Saw one of these in our local bike shop when we were in there picking up a new tube. It’s an iZip Street Enlightened – looks like a normal fast hybrid but the aero down tube is wrapped around a battery pack – a 24V / 10 AH Lithium-Ion pack for those of you feeling Techie. This powers it to 30kph(19mph) with a range of 50km (30 miles). It has a whole range of clever torque-sensing options so you can use it as anything from fully-electric to fully-pedal-powered depending on how stuffed you’re feeling. It is heavy (25kg) so don’t aim to be carrying it up any stairs or jumping too many kerbs.

Part of me loves this, but then the little nagging voice in my head (the anti-consumer, fed by Amber at Unstuffed) says “you already have four bikes – and only use one regularly. You don’t need another bike”. And then the little peak-oil, voice says . . . “and that battery pack looks very custom-made – I bet getting spares will be a challenge in the future” – and when you think that the only major spare I’ve bought for my Orange mountain  bike has been a new inner tube . . you realise that simple is probably best (and that I need to ride more 🙂 ).  And I don’t have that many problems riding my current bike that this would solve.

Plus it is £1000+ – and that money would be better spent on Solar PV I think.

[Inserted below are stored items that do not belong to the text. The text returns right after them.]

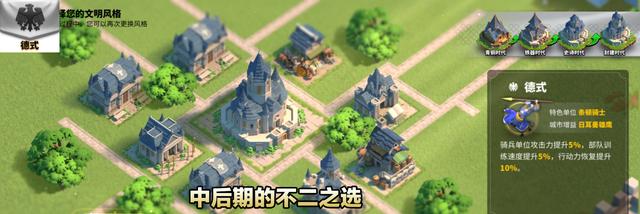 在《万国觉醒》这款游戏中,最先接触的就是建筑文明选择,包括罗马式、德式、韩式、中式等各具国家特色的建筑,不同的文明方式的加成也是不同的,另外部分文明还有特色兵种,属性略高于相同的普通兵种。要在在合适的阶段选择正确的建筑文明,能有效提高部队作战能力和加快游戏节奏。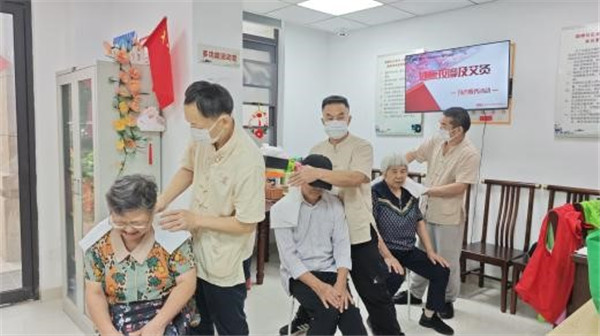 “您看,頭部這樣緩慢左右轉(zhuǎn)動(dòng),每個(gè)方向停留5到10秒,重復(fù)幾次就能放松頸部肌肉。”楊老師邊示范邊講解,還細(xì)致分享了肩部環(huán)繞、腰部扭轉(zhuǎn)等簡(jiǎn)單易學(xué)的動(dòng)作,特別提醒老人們要根據(jù)自身狀況控制運(yùn)動(dòng)強(qiáng)度,避免過(guò)度勞累,老人們聽(tīng)得認(rèn)真,跟著反復(fù)練習(xí),現(xiàn)場(chǎng)互動(dòng)頻頻。剛體驗(yàn)完按摩的張阿姨笑著說(shuō):“楊老師教的動(dòng)作很實(shí)用,按摩完再活動(dòng)活動(dòng),肩膀舒服多了,社區(qū)這服務(wù)太貼心!”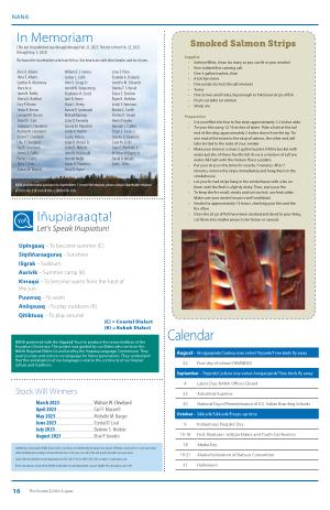 September – Tiŋŋivik / Caribou lose velvet Amiġaiqsivik / Time birds fly away 4 Labor Day , NANA Offices Closed 22 Autumnal Equinox 30 National Day of Remembrance of U . S . Indian Boarding Schools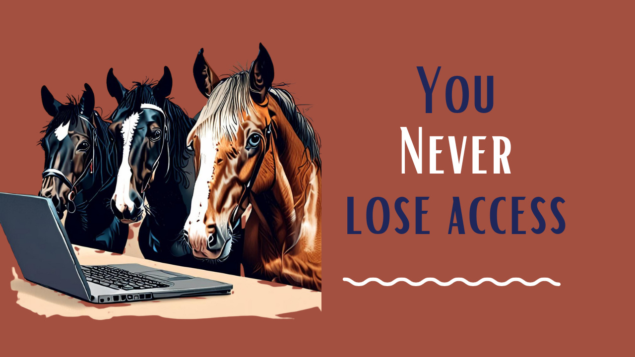 Your access to the course materials never expires! You never lose access to your course materials, as long as we are alive and able to support the course platform (and we hope that is a very, very long time). That means that you can work as fast or as slow through the materials as you wish. That means that if you get sick, tired, injured - you can pause at anytime and come back to it whenever you and your horse are ready for more. It will always be there for you, and so will we.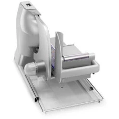 Trancheuse 17 cm – Une trancheuse domestique avec lame de coupe dentée de 17 cm démontable (lame fabriquée en Allemagne à Solingen, la ville des lames) pour découper vos charcuteries, vos fromages et même vos fruits et légumes ! – Épaisseur de coupe réglable de 0 à 15 mm (chariot 16,5 x 18,5 cm avec course de 25 cm) – Hauteur de coupe 16 cm – Presse-aliments à picots amovible – Plateau de récupération des aliments amovible – Corps, base et rail du plateau coulissant en fonte d’aluminium et surface du plateau démontable en inox – 4 pieds ventouses pour une stabilité parfaite – Puissance 150 W – Garantie 2 ans.

If you’re still interested – possibly to get a non-cyclist out of a car, or for a longish commute – you can buy them from Top Electric Bikes or Tredz, and they’re made by Currie Tech in the USA, who do have a whole range – and some much cheaper models too (not as sexy though . . )

The view from the peak

Having recently awoken from a consumerist daze to realise that – duh! – oil is a finite resource, and that none of its replacements can produce even close to the same amount of energy, I decided to blog our efforts to reduce our energy consumption, ideally wean ourselves off direct & indirect use of fossil fuels as much as we can, and generally prepare ourselves an our community for the reduction in energy availability that is to come . . . so here goes.

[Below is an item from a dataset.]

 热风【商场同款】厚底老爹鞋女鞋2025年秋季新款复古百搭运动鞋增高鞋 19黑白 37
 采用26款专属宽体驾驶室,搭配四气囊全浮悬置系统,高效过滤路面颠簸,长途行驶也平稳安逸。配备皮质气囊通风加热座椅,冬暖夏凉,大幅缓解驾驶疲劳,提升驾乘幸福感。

We’re working on the premise that we’re not going to be taking to the mountains, going and living in the woods, or building a big concrete bunker. Rather we’re looking at the Transition Towns model, where we work on building a diverse, resilient community, increasingly able to supply its own basic requirements locally.

Our preparations are only slightly compromised by our imminent relocation from Australia back to the UK, but this does present a whole lot of opportunity to start again. We’ll be needing a new house, so we have the chance now to look for ones that will most support our post-peak-oil lifestyle. This means I need to work out what that really will require, before we can really hope to achieve it. From my initial reading, and skirting the apocalyptic doom-mongers, some of my thoughts are:

  • Large, south / south-west-facing unshaded garden for growing a substantial portion of our own fresh food. And / or close proximity to allotments.
  • Walking distance to friends & local shops, and the ability to do almost all our travel by foot, bike or public transport.
  • Our own water supply – at least for garden/non-drinking use.
  • A house that can be economically retrofitted to ensure that it neads minimal energy to heat and light, and minimal water to run.
  • Some form of local energy storage & off-grid lighting/power to cope with blackouts
  • The ability to cope without reliable access to main sewage disposal.
  • Little-or-no debt.
  • A long way from any prospect of flooding.
  • Part of a community – no mountain-top shacks for us.

That sounds like a great list to get started with – I’ll keep you posted.